Prepare the Milk: Dissolve the citric acid in 1/2 cup of water, then add it to the milk in a large pot. Heat the mixture slowly on medium while gently stirring until the milk reaches 90°F (32°C).
Add the Rennet: Dissolve the liquid rennet in the remaining 1/2 cup of water, then add it to the milk. Stir gently for about 30 seconds, and then let the milk sit undisturbed for 5 minutes. You’ll notice the milk starting to curdle.
Cut the Curd: Once the milk has set, use a knife to cut the curd into cubes, creating a grid pattern.
Cook the Curd: Gradually heat the curds to 105°F (40°C), gently moving them around. You’ll see the curds begin to come together and separate from the whey.

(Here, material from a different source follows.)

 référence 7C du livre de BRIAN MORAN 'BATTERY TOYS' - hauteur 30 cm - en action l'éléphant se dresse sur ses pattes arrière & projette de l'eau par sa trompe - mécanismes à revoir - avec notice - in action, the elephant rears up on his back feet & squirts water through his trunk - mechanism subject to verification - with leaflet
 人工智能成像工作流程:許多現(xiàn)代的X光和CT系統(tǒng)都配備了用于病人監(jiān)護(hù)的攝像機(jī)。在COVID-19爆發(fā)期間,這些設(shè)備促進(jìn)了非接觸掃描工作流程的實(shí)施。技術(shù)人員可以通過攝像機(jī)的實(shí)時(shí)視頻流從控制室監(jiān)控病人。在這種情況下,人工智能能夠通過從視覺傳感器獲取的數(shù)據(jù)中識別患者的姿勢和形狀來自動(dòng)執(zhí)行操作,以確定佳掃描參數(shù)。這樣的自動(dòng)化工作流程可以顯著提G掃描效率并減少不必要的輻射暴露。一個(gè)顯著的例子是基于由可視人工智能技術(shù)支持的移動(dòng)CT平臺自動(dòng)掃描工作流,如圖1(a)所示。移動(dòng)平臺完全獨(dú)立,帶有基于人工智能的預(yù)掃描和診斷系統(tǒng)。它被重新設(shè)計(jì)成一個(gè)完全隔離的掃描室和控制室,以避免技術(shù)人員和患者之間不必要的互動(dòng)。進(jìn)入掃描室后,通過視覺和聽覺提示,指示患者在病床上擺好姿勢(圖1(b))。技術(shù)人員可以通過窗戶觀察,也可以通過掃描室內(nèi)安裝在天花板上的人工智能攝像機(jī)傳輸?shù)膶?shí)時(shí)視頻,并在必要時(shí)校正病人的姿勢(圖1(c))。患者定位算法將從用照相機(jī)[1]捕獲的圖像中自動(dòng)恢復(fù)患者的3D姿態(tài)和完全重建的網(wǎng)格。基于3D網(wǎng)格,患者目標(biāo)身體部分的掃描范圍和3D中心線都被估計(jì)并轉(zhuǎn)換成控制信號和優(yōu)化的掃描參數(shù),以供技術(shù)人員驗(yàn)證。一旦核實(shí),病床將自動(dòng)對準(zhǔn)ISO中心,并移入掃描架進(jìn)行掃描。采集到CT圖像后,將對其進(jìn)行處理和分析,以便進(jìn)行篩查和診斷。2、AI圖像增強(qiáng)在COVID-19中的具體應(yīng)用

Shape the Mozzarella: Using a slotted spoon, transfer the curds to a bowl. Sprinkle in the kosher salt and then fold and stretch the curds until they form a smooth, elastic ball of mozzarella.

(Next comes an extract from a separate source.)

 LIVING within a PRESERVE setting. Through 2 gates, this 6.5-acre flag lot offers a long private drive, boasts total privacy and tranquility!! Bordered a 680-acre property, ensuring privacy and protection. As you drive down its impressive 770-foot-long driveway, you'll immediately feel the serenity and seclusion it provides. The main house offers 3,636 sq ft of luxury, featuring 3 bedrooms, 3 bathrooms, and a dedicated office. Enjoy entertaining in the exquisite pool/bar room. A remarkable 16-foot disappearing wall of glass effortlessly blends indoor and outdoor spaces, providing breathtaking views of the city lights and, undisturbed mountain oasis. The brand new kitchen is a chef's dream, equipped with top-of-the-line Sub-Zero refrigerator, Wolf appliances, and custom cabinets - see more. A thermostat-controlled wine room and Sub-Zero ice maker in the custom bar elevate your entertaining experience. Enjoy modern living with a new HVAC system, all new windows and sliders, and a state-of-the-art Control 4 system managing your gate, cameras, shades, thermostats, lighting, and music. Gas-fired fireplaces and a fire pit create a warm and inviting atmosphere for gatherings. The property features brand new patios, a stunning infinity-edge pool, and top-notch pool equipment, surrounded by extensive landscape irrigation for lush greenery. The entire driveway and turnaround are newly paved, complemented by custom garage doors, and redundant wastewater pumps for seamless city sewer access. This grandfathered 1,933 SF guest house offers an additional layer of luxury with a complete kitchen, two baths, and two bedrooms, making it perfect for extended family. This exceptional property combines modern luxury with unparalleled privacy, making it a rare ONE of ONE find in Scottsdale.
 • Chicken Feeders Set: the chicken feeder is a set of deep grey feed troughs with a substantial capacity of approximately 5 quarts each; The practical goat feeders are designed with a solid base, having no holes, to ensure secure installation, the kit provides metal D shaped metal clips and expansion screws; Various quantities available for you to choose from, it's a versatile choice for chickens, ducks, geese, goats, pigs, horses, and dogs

Cool Down: Place your freshly made mozzarella into a bowl of ice water to set its shape and cool it down.
Enjoy Your Creation
Congratulations! Your homemade mozzarella is now ready to be enjoyed. Enhance your culinary adventures by slicing it over a fresh tomato and basil salad, melting it onto your favorite pizza, or relishing it as is with a sprinkle of salt and a drizzle of olive oil. Creating your own cheese not only brings a sense of fulfillment but also adds a personal touch to your meals that no store-bought product can replicate. So, don your apron, and let’s make some delicious mozzarella cheese right in your kitchen.